# Expertise needed please



## Cocoaone (Nov 11, 2011)

Hi everyone, I'm after some advice and would be really greatful for any help. I'll try and keep it short!

About 6 weeks ago I noticed a lump on the back of my head, slightly to the right of the middle, just where my hairline is. Didn't hurt so I didn't think much about it.

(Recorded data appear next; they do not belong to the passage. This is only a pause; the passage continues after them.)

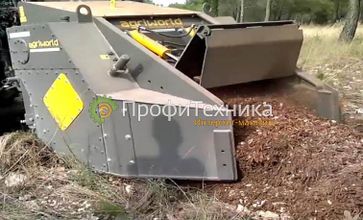 Почвенная фреза для измельчения пней и корней. Необходимая мощность трактора 100-130 л.с., рабочая ширина 900 см, максимальная глубина 25 см, вес 1950 кг. None
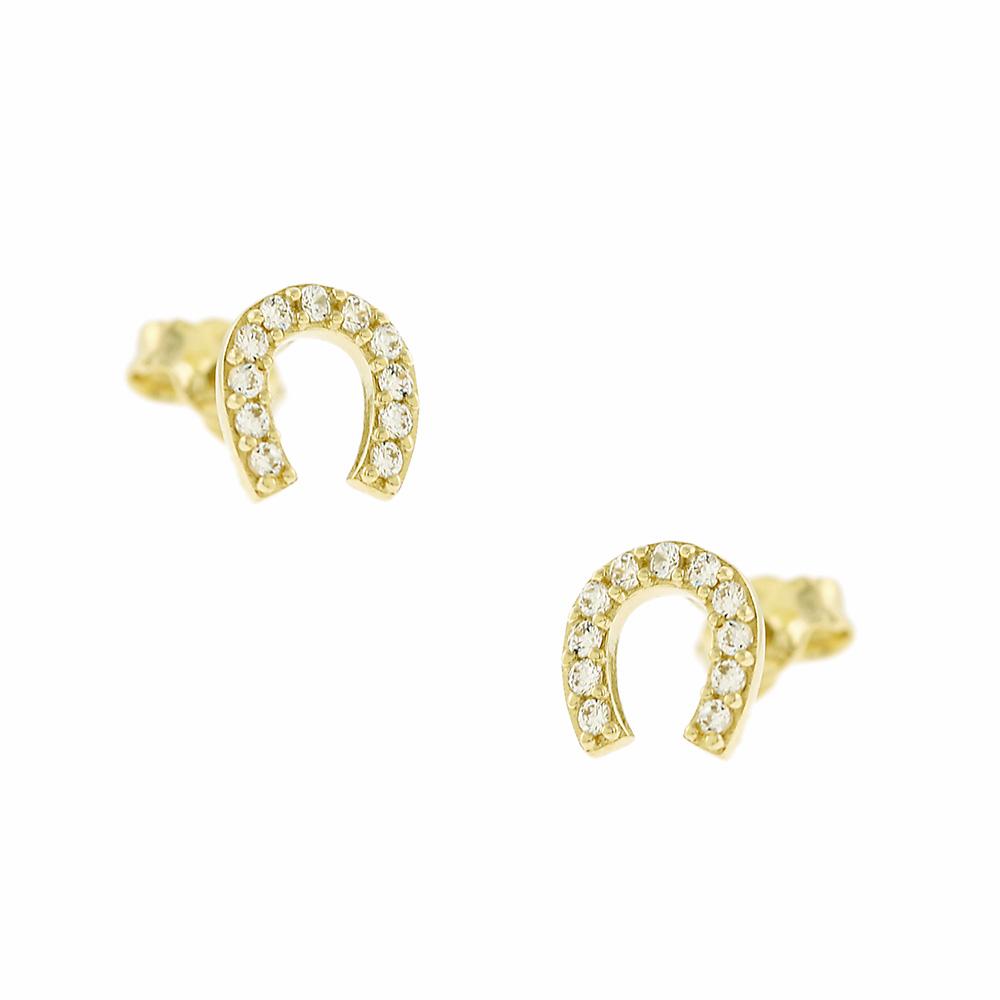 Σκουλαρίκια σε χρυσό 09 καρατίων σε σχήμα πέταλλο με ζιργκόν πέτρες.
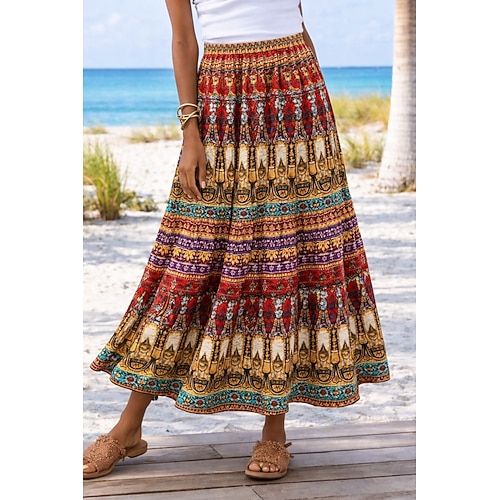 Damen Urlaubsrock Bohemien Vintage Maxi Hohe Taille Röcke Blumen Grafik Tasche Druck Unelastisch Täglich Urlaub Rosa Rote Sommer 95 % Polyester, 5 % Elastan

2 weeks after that I had my annual review with my consultant about my cholesterol. Runs in the family, I'm on the high side of 'normal' weight, don't smoke etc. Cholesterol is 7.2mmol (UK) which is 278 in the US I think. Consultant is happy for me to stay off statins at the moment as no major risk factors. As I was talking to him he asked if I had a goitre, he had a feel of my neck and said my thyroid was slightly enlarged, but he measured my thyroid levels 2 years ago and they were ok, so he'll test me again next year and see if they've changed. He also practices endocrinology/diabetes which I think is why he noticed it.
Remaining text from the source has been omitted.